I'm a 27 y.o. male living in the small but beautiful city of Dunedin, New Zealand. I work as an IT Applications Analyst, I'm also a christian and worship regularly at the Reformed Church of Dunedin. My hobbies include gaming, watching sports and recreational driving. I've also been giving golf a go for the last couple weeks for the sake of getting away from home for an hour each Saturday (and a little bit of exercise), but only on my own because I'm really bad at it! (30 over par after 9 holes)

I was in a happy relationship for about a year and a half - this ended about 3 years ago. I had never been with romantically involved with a girl before so it was an amazing time of my life. It ended mutually but it was because she had somehow lost her feelings for me. I wish I could move on and meet someone else, but I feel my religion (which for the most part I do take seriously) restricts my chances in this as there is no one available in my church, and my ex goes to the only other church in town that has similar teachings to my own, I can't really go there because I still have feelings for her and it wouldn't be a good idea to deliberately go where I would see her, especially since she is in a new relationship (which itself is a painful thought). Most people near my age in our denomination around the country coupled-off with each other over the last 5 years and I've sorta been left behind.

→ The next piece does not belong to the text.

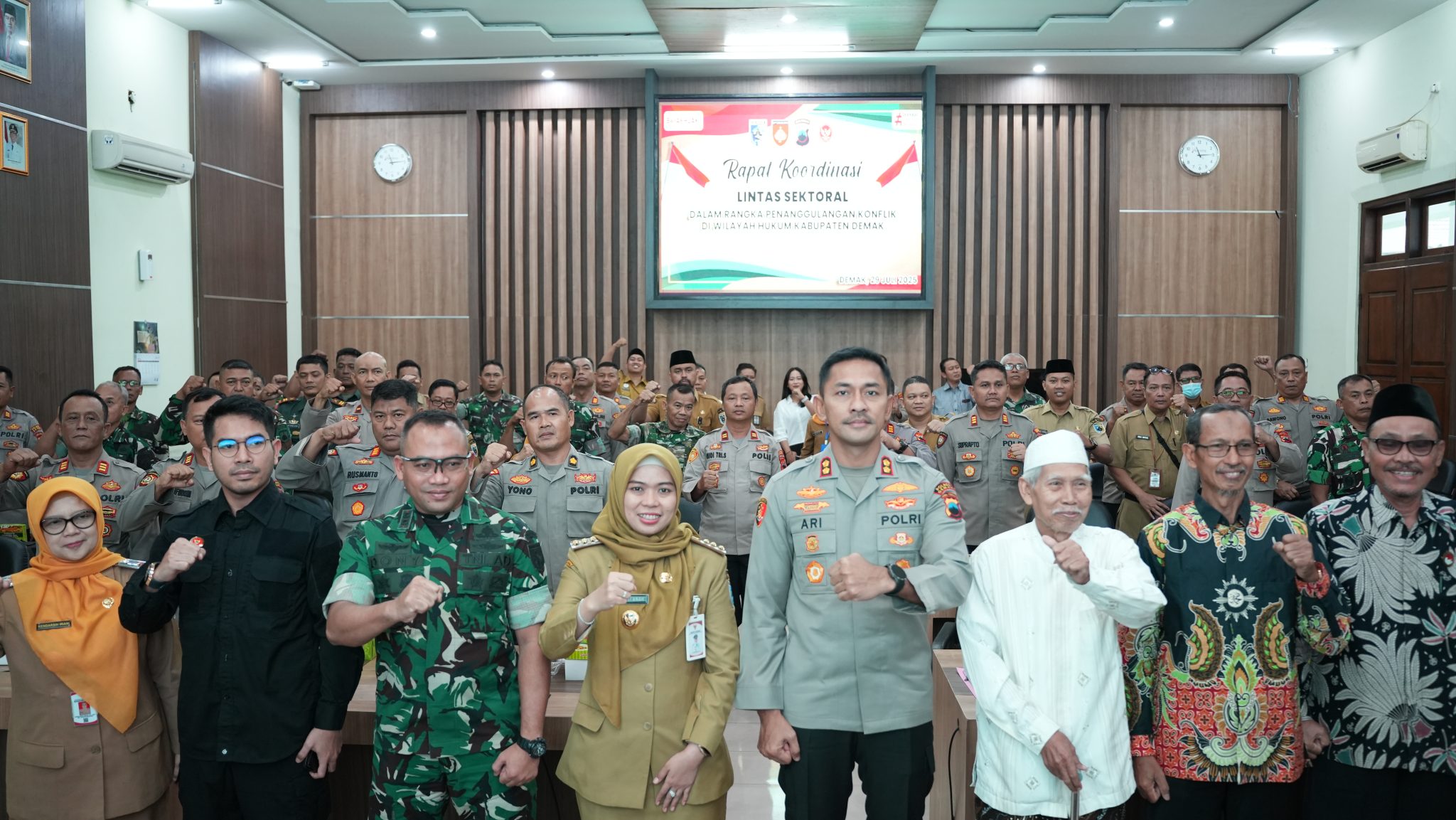 DEMAK – Pemerintah Kabupaten Demak bersama Forum Koordinasi Pimpinan Daerah (Forkopimda) menggelar Rapat Koordinasi (Rakor) Kewaspadaan Dini bersama Forum Koordinasi Pimpinan Kecamatan (Forkopimcam), Selasa (29/7/2025) di Grhadika Bina Praja.

Nowadays I spend most of my free time at home and on the computer or watching TV and hiding from the world in general. Going to church each week is something that gets me away from home, as is the little bit of the afore-mentioned golf I'm playing, which is a small first step in trying to get out more. I don't really have any friends left as they've all moved on in their lives, either to different locations or into relationships (mostly both).

What do I want to get from this website? I just want to talk. For ages the only person I've had to talk to has been myself (yes, even out loud), and from what I've been reading here there seems to be many people who are going through experiences similar to mine. Certainly there are people who feel very lonely just like me and gathering in one place to share these feelings can only be a good thing. Who knows, sharing my thoughts and contributing might also be able to help others with what they're going through, and I like the sound of that idea too.

So hi!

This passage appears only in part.